Susan Feller
Nine Patch – Barns, Barns, Barns, 2025
Cotton fabrics, hand hooked motifs, quilted 36” x 36”
Using my digital drawings reproduced on cotton fabric to illustrate farming in West Virginia I combined commercial materials in the traditional log cabin block. Hand hooked motifs, hay rolls, a view of harvest in fields and fall add texture and dimension to the wall hanging.
Susan Feller
Loy’s Barn, 2025
Wool fabric, printed cotton, paint, on linen, yarn 9” x 9” x 9” on 12” square base
Barns have Stories was the theme for an exhibit honoring the timber framed structures built over a century ago. Many are gracefully deteriorating, sun shining through open roof and sides yet still storing hay and equinox. They portray strength and endurance.
Susan Feller
Iconic Democracy, 2025
Wool, cotton crochet and embroidery 24” h x 18” w
Fifth in series addressing women’s rights, equality and social justice.
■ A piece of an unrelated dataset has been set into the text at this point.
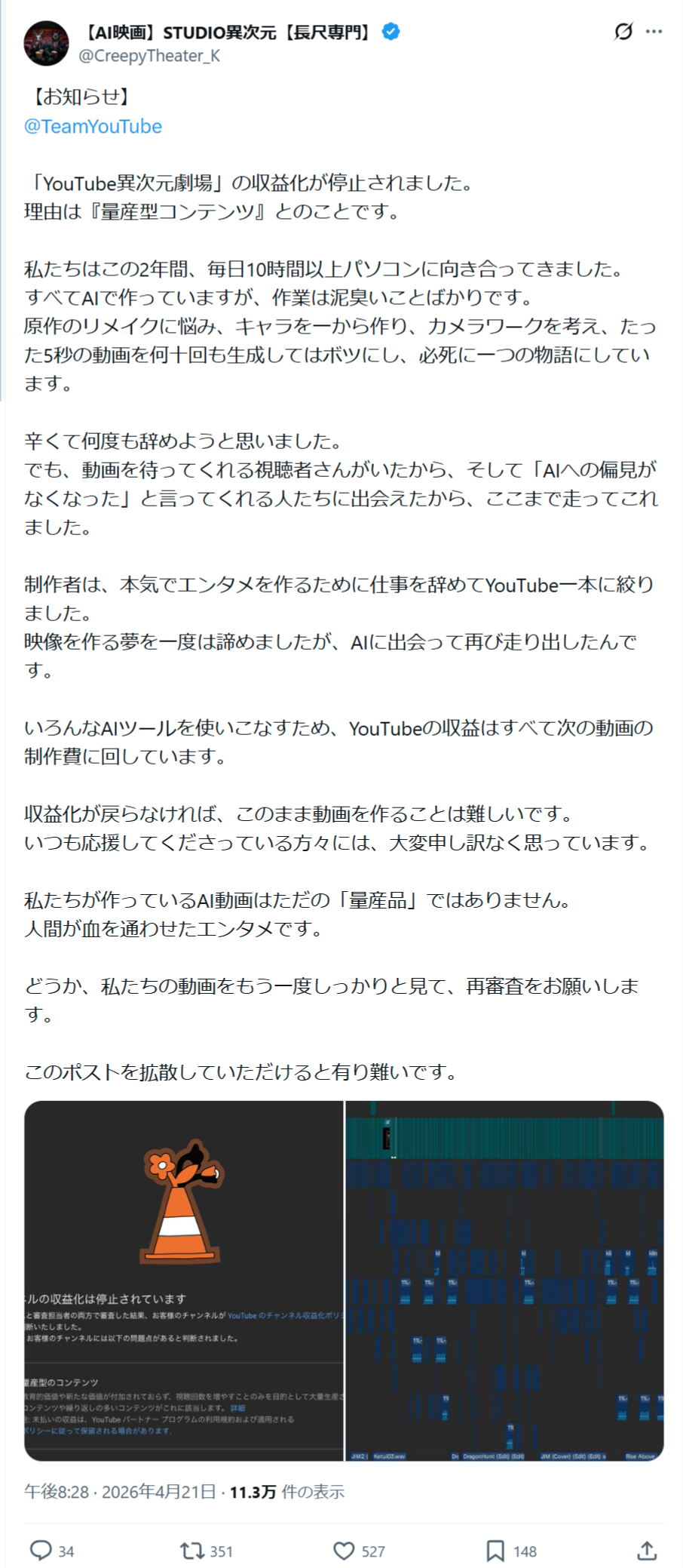 【悲報】AI映画系YouTuber、収益化停止されてお気持ち表明wwwww

Evoking a cathedral window, the words were voiced by Kamala Harris during her campaign for President of the United States. They are the inspiration for us to organize to retain Democracy
Susan Feller
Jane S. Choice #2, 2025
Wool fabric 24” h x 18” w
Second version was created when the first was selected by Governor’s Purchase Award for the WV State Museum collection. The colors evoke a gravestone. Janes are term for people helping others obtain an abortion.
Susan Feller
Jane S. Choice, 2022
wool and other fabrics, threads, yarns, metal hanger to display 24 x 18
Fourth in series, documenting women's issues. The vertical format depicts a headstone, inscription tells the story of US Supreme Court decisions Roe v Wade to Dobbs v Jackson with message "she will return". Hand hooking is a slow process, allowing the maker time to reflect on the subject. Craft has spoken for decades.
Susan Feller
Miss Mountaintop Removal, 2023
acrylic yarn, wool and cotton fabric, stainless steel, Starbucks labeling 20 x 16
In response to poem 'Boom, Boom" by Chrystal Good and photography by Paul Corbit Brown both included in video published in Sept 2022 WestVirginiaVille the design was first created digitally. Finally the fiber techniques and mixed media evolved giving tactile dimension to the daily destruction of Appalachia.
Susan Feller
Mountains of Energy, 2019
plastic straws, paint, cotton threads embroidered, yarns and fabric hooked and applique' 11 x 19
Human impact on natural resources destroys habitat, and ecology but the gas lines had to go in. Then the permits were denied and the scars remain-on nature and communities.
Susan Feller
Our Mountains Past, Present, Future?, 2022
wool and silk fabric 20 x 20
From Old-Growth Forests and crystal clean waters to corporate extraction of the natural resources in Appalachia the land has changed. Mountain tops are blasted off for the last coal, spreading carcinogens in the air, heavy metals into the waters and erosion from clear cut logging. Will we be able to halt this destruction? The tourism economy flourishes but for how long?